Mevrouw Vos (PvdA): Ik betrap de minister een beetje op overdrijving van mijn woorden en vervolgens zijn uitleg. Ik heb niet gezegd dat ik de ovo wil verbieden. Ik heb gevraagd wat de minister ervan vindt om het misbruik van de ovo aan te pakken. Het gaat ook helemaal niet om een beroepsverbod. Het gaat over de discussie over schijnzelfstandigheid. Ik weet dat de Belastingdienst en het UWV vaak jacht maken op schijnzelfstandigheid. Waar dit soort constructies worden geconstateerd, is er vaak sprake van een hiërarchische verhouding van een arbeidsrelatie. Het is dus onterecht dat deze mensen niet bijdragen aan de sociale premies. Ik vraag de minister om op dat voorstel te antwoorden en niet op de verkeerde veronderstelling dat ik de ovo wil verbieden en dus in het contractrecht wil treden.

Minister Donner: Als er sprake is van schijnzelfstandigheid, is er in werkelijkheid sprake van een arbeidsovereenkomst waarvoor gewoon de implicaties van een arbeidsovereenkomst moeten gelden. Als dat de situatie is, dan kunnen partijen, ook sociale partners en bonden, naar de rechter stappen om te laten constateren dat die arbeidsovereenkomst er is. De vaststelling is nu juist dat er geen arbeidsovereenkomst is, dat er geen sprake is van schijnzelfstandigheid maar van een reële zelfstandigheid. Daarop berust de zaak. Zodra er sprake is van schijnzelfstandigheid kan men gewoon naar de rechter stappen. Op basis van die feiten kan ook de Belastingdienst belasting inhouden, want er is geen VAR die inhoudt dat er geen belastingen ingehouden hoeven te worden. Derhalve zou het belastingontduiking zijn.

Mevrouw Vos (PvdA): Het is dan toch heel vreemd dat deze ovo’s überhaupt zijn toegestaan. Over contractvrijheid gesproken, deze mensen kunnen niet onderhandelen over prijzen. Dat is een kenmerk van de ovo. De ovo is er natuurlijk voor ondernemers die kunnen onderhandelen over prestatie en contract. Dat is hier niet het geval. Ik vraag de minister om serieuzer en diepgaander dan hij nu doet, te kijken om dit niet een mogelijkheid is. Dit betreft ook de hele discussie over zelfstandigen en de relatie tot de verzorgingsstaat en schijnzelfstandigheid. De kranten staan bol van berichten over alle zelfstandigen die over de rand vallen. De minister kent ook de sectoren waarin hiervan gebruik wordt gemaakt. Het gaat er ons om dat we de ovo willen laten zijn waarvoor hij was bedoeld. En dat is niet een constructie in grijs gebied tussen het arbeidsrecht en de rechten van werknemers en ondernemers.
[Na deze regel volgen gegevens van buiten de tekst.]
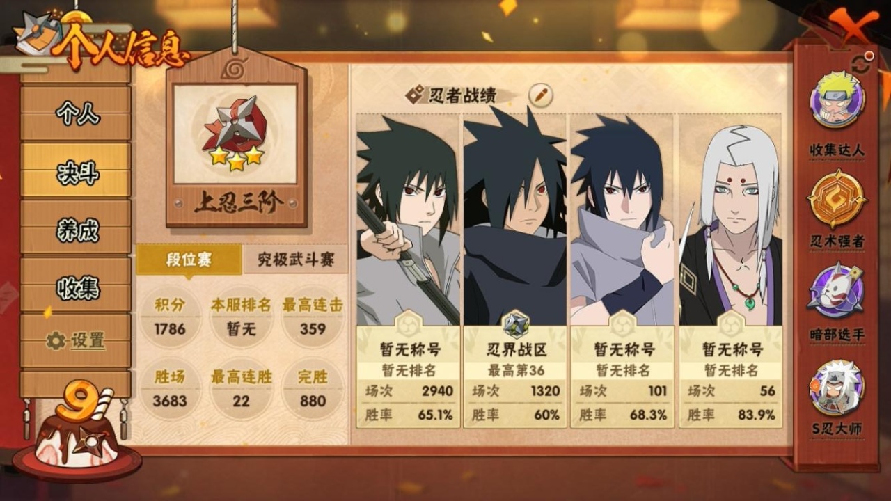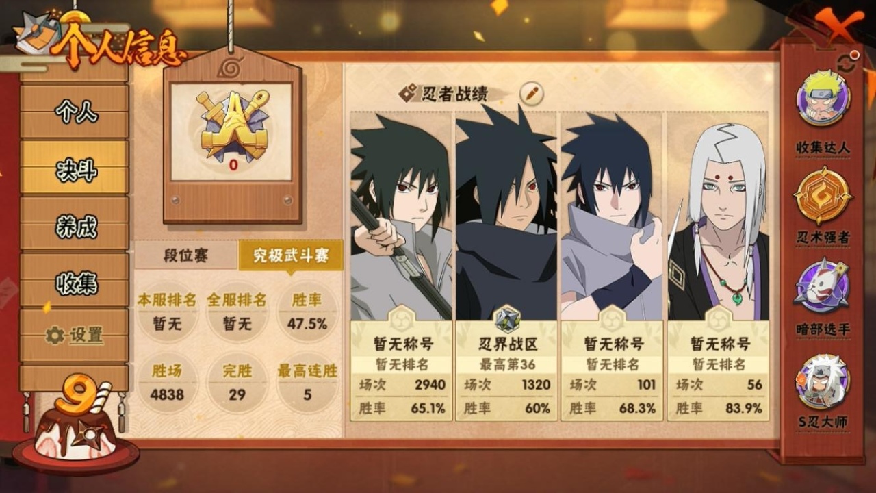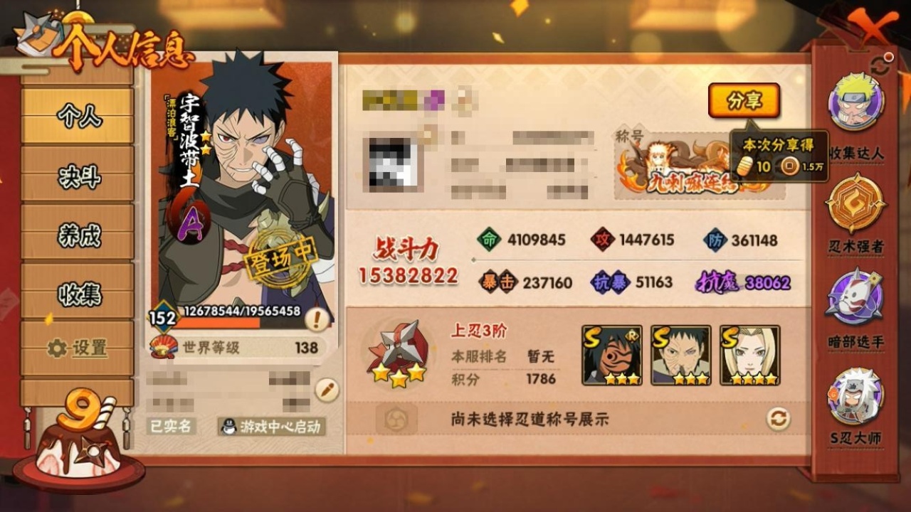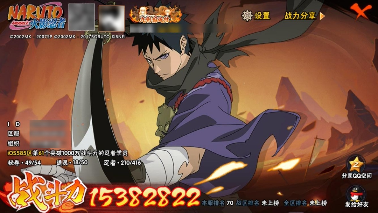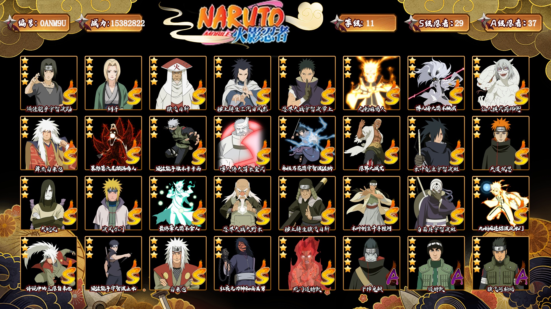 [14032171]0anm9u 号,vip11,战力:15382822,s忍者数量:29,a忍者数量:37,本服排名:70,战区排名:未上榜,通灵兽数量:18,时装数:18,段位:上忍3阶,忍者星数:543

Minister Donner: De ovo is een benaming die gegeven is aan een overeenkomst. In Nederland zijn overeenkomsten vormvrij, ook als ze diensten of arbeid betreffen. Alleen onder bepaalde omstandigheden, als er aan bepaalde voorwaarden is voldaan, wordt een overeenkomst een arbeidsovereenkomst. Die voorwaarden hoeven niet door de partijen erkend te worden. Die worden door de rechter of door de Belastingdienst vastgesteld. Daarvan is hier geen sprake. Dat is een- en andermaal vastgesteld. Mevrouw Vos wil dat ik bepaalde mensen verbied om een contract te sluiten, omdat volgens haar zeggen de prijs vastligt. De prijs ligt niet vast. De bedrijven zeggen gewoon dat men het tegen deze prijs kan doen en dat men anders geen contract heeft. Wanneer ik iets in de winkel koop, ga ik ook niet over de prijs onderhandelen. Als de prijs me niet aanstaat, koop ik het niet. Dat is dezelfde verhouding. Dat is ten principale contractvrijheid. Daaraan kunnen we niets veranderen behalve langs de weg die we nu hebben gekozen en die ook door de cao-partijen is gekozen. We hebben namelijk met de werkgevers afgesproken dat ze voor dit werk geleidelijk aan deze vorm niet meer gebruiken. Dat is juiste weg, dat is het juiste aanknopingspunt. Dat is ook waarom in de AMvB hiervoor gekozen is.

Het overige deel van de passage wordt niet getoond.